WHAT TO DO -
Return only the lines from the top of the data down to the one that holds "El recubrimiento cerámico", both included, without any pictures.

Data items -

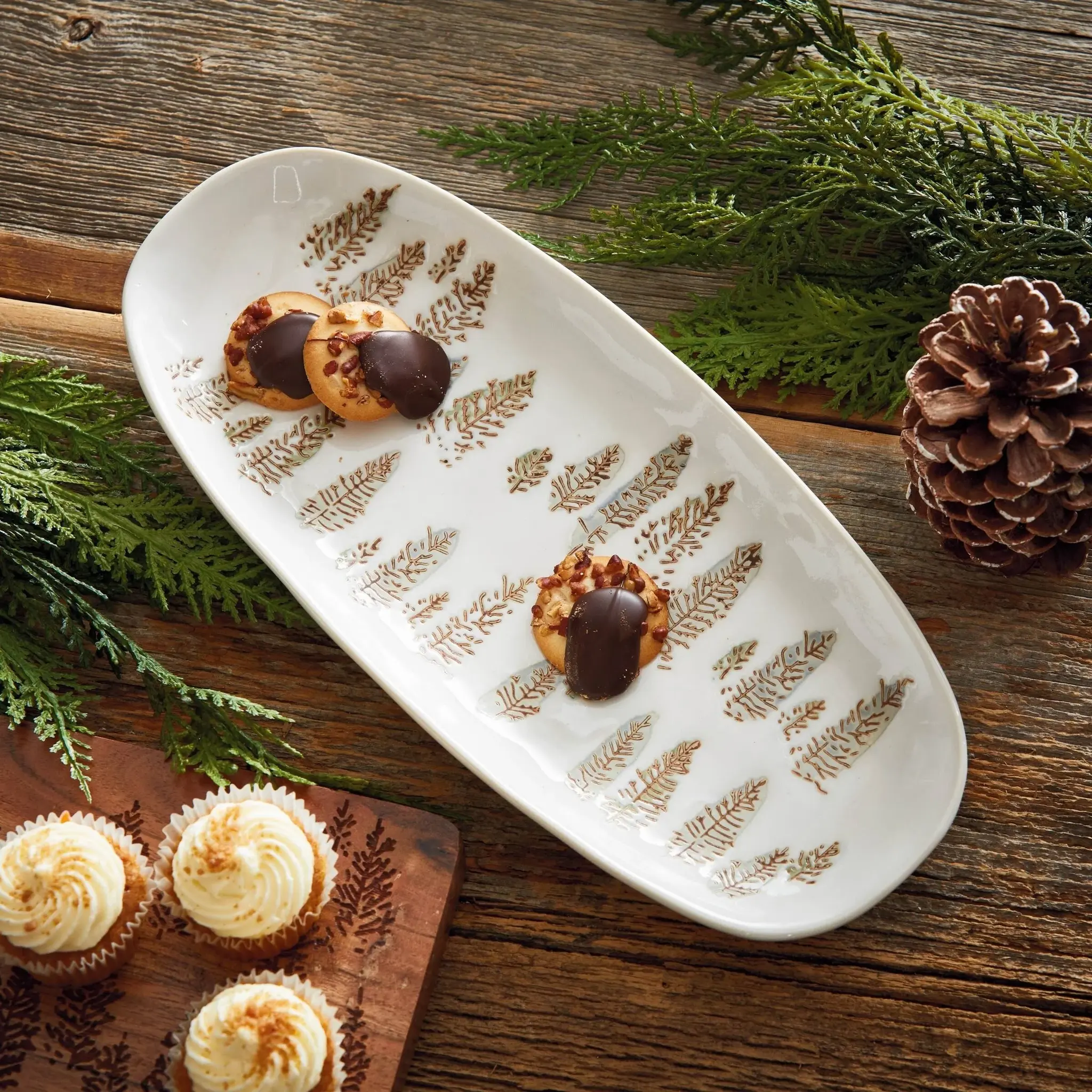Elevate your dining experience with this elegant Aspen Oval Platter. Crafted from high-quality stoneware, this platter features a sleek, organic shape and a delicate pine tree design, inspired by the serene beauty of the Aspen forest. Its neutral white color and understated design make it a versatile piece that can be used for a variety of occasions, from casual dinners to formal gatherings.
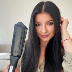 El recubrimiento cerámico deja su cabello superliso, brillante y suave al tacto.
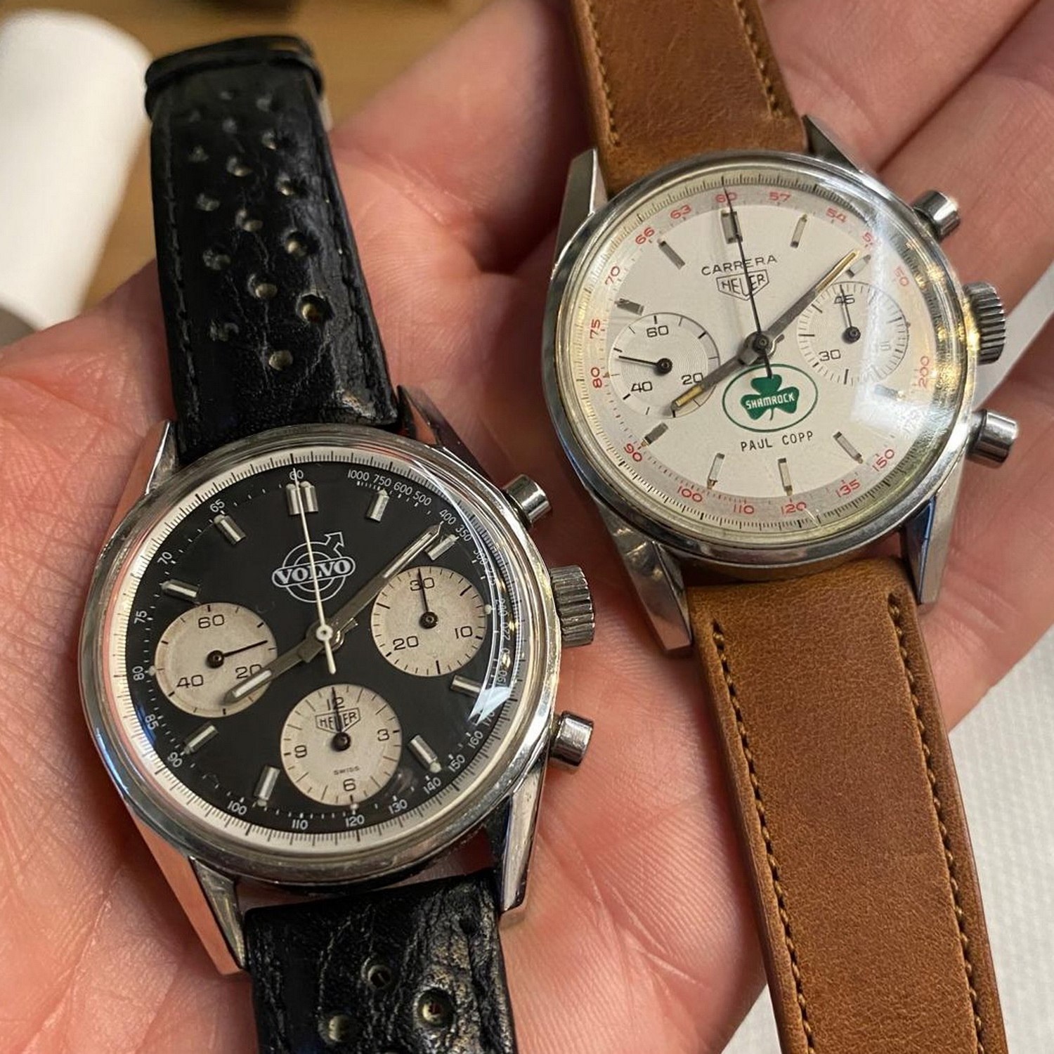 14. Carrera, reference 2447 NST, with “Volvo” logo (1970) — A “reverse panda” Carrera with a tachymeter scale on dial; a fine representative of the vintage Heuers with third-party logos on the dial
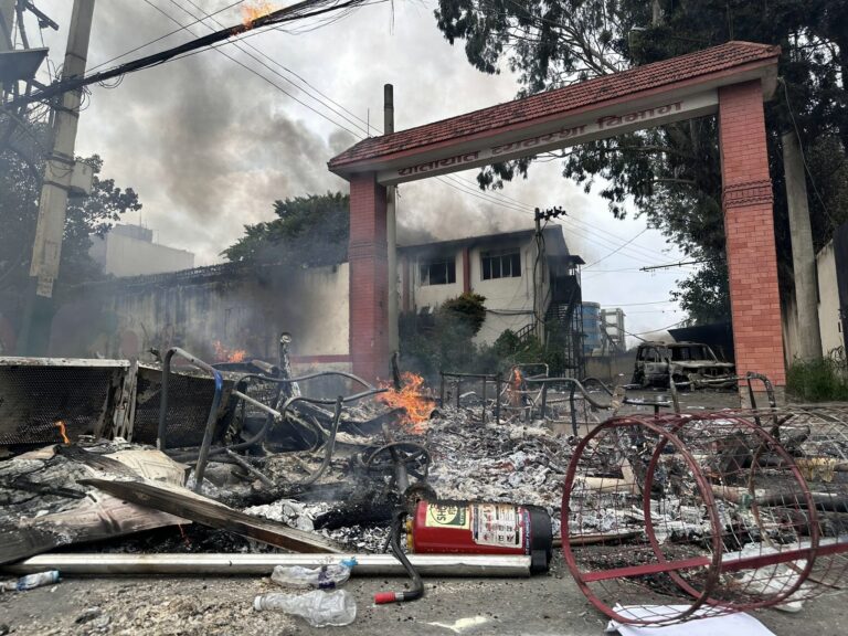 काठमाडौं । प्रदर्शनकारीले नयाँ बानेश्वर स्थित यातायात व्यवस्था विमागमा आगजनी गरेका छन् । इम्बोस्ड नम्बरप्लेट लागू गर्ने निर्णयपछि सर्वसाधारण विभागसँग क्रुद्ध थिए ।
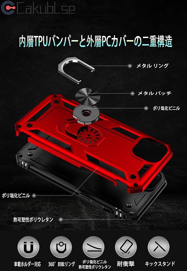 Cakublse スマホケース iPhone 15 ケース 耐衝撃 リング スタンド iPhone15ケース iPhone15 アイホン アイフォン iPhoneケース 15 ケース カバー Case バンパー リング付き リング付きケース レッド 赤
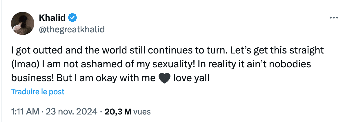 La star américaine du R&B Khalid a fait son coming out dans une série de publications sur X (anciennement Twitter), après avoir été « outé » par un certain Hugo D. Almonte, affirmant être un de ses anciens compagnons. Loin de se laisser déstabiliser ou d’alimenter la polémique, l’artiste de 26 ans a choisi de confirmer avec humour et sérénité, soulignant toutefois que sa sexualité n’avait pas à être débattue :
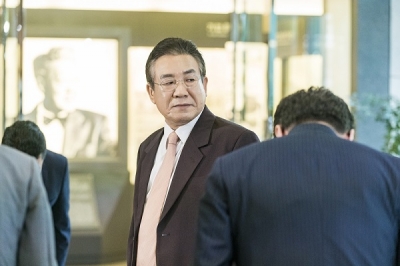 공개된 사진 속에는 수많은 사람의 인사를 받으며 양지그룹 로비로 들어오는 장회장의 모습과 그에게 90도 칼각으로 인사를 하는 사위 최태준의 모습이 담겨있다. 흐트러짐을 절대로 용납하지 않을 것 같은 장회장의 카리스마가 시선을 강탈하는 가운데, 조금은 어리숙해 보이는 사위 최태준이 장회장을 벗어나 옥상에서 또 다른 분위기를 풍기고 있어 눈길을 끈다.

WRITTEN REPLY -
Elevate your dining experience with this elegant Aspen Oval Platter. Crafted from high-quality stoneware, this platter features a sleek, organic shape and a delicate pine tree design, inspired by the serene beauty of the Aspen forest. Its neutral white color and understated design make it a versatile piece that can be used for a variety of occasions, from casual dinners to formal gatherings.
 El recubrimiento cerámico deja su cabello superliso, brillante y suave al tacto.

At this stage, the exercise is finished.